Monday, August 9, 2010

Ed Boon: Constantly Not Getting It 


You guys seem to be angling this new Mortal Kombat as a revival, or reinvention, of the franchise. It's been around for so long; at this point, what's the essence of Mortal Kombat? What are you telling your team, and what are you all trying to recapture with this new one?

Ed Boon: You know, I think it hasn't really been that long since the last MK game came out. It's only been like two years, so from that respect, it's not like a reboot like we've seen... like when Tomb Raider went away for a long time, or Street Fighter, Twisted Metal, and all that. Those games had a long absence.

But from our perspective, the last game we did [Mortal Kombat vs. DC Universe] was probably the biggest departure for MK. It was the first T-rated MK game, and we added characters that had never been in a MK game, with DC -- you know, Batman, and Superman, and all that.

So from that standpoint, we just heard a lot of feedback asking, "Is the next game going to be back to an M-rated presentation," and, you know, "traditional" MK? So we really felt that now is just a really great time to explore a reboot of sorts.

You know, we've actually kind of rebooted the presentation and the fighting and all that a couple of times in the past. With Deadly Alliance, in 2002, we did. And so we just really felt like, along with the post-MK vs. DC T-rated thing, and the fact that we haven't rebooted our whole presentation and fighting mechanic in awhile, it was just the perfect time for all that to happen.

I played [MK vs. DC] and it was fun, but there was always the question of whether the series would return to its M-rated roots.

EB: Oh yeah, absolutely. Especially coming from a game that was almost instrumental in defining what an M-rated game was -- just sparking the whole argument that ratings are necessary, which they are. So it's ironic, it's like making a G-rated Halloween movie...

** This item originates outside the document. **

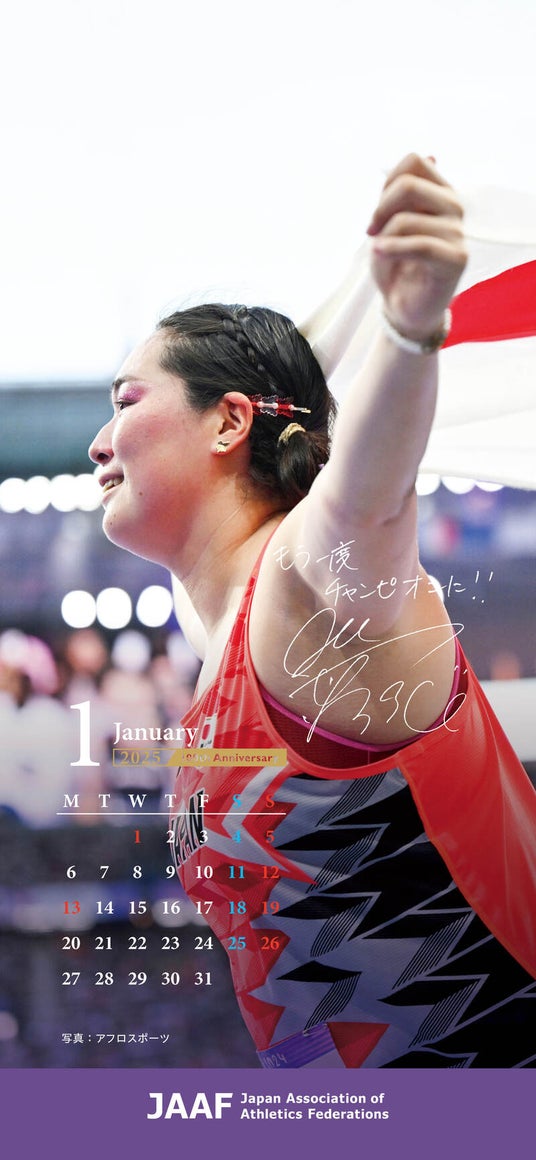 1月のカレンダーは 2024アスリート・オブ・ザ・イヤー に輝いた 北口榛花選手!

So from that standpoint, yeah, it did really well, but at the same time, it created a great opportunity for us, because it gave us a break in terms of a period of time which there hasn't been an M-rated Mortal Kombat, and created this hunger for a return.

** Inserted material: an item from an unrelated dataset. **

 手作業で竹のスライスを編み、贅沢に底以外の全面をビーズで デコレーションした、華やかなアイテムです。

So I guess that I really feel like the planets are aligned, and in so many ways; it's the first M-rated MK on this generation of consoles, our last game was a T-rated game... You know, there certainly is a resurgence of games returning to their classic form; Street Fighter, Sonic the Hedgehog, now the more recent Twisted Metal, and there's just a good amount of this trend that's happening.

Oh good lord Gamasutra, are you serious? Nobody gives a shit about Mortal Kombat games that aren't good. Mortal Kombat games haven't been good since the SNES, and then Mortal Kombat vs DC was the first time you did anything right in fifteen years, because the game was, you know, good. It actually had good fighting game mechanics and didn't bother with open-world bullshit, go-kart racing, coffin minigames, or any of the ridiculous crap and just said, hey, I'm a fighting game. Fight people.

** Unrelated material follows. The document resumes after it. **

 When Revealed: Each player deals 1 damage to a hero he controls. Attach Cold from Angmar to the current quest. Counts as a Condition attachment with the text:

I don't know why it is that Boon and Graft are talking about 'returning to the roots', when 'the roots' was a middling fighter with an absurd fixation on middle-schooler violence. Mortal Kombat vs DC was a good game! "Flee!" Boon seems to say, "Run away! Success and money terrify us! We must stick to middle-of-the-road scraping-by to fuel our jobs!" 

Why not take what you learned from the game that's been best recieved, use that as a tool for making better games in the future, and focus on the core mechanics of the fighter rather than making up all this crap about 'returning to roots'? Your roots sucked; returning to them is just downright ridiculous. 

The guy says they're 'reinventing' it, but then Boon keeps going back to 'revival' or 'return to roots.' Pick one! The first one!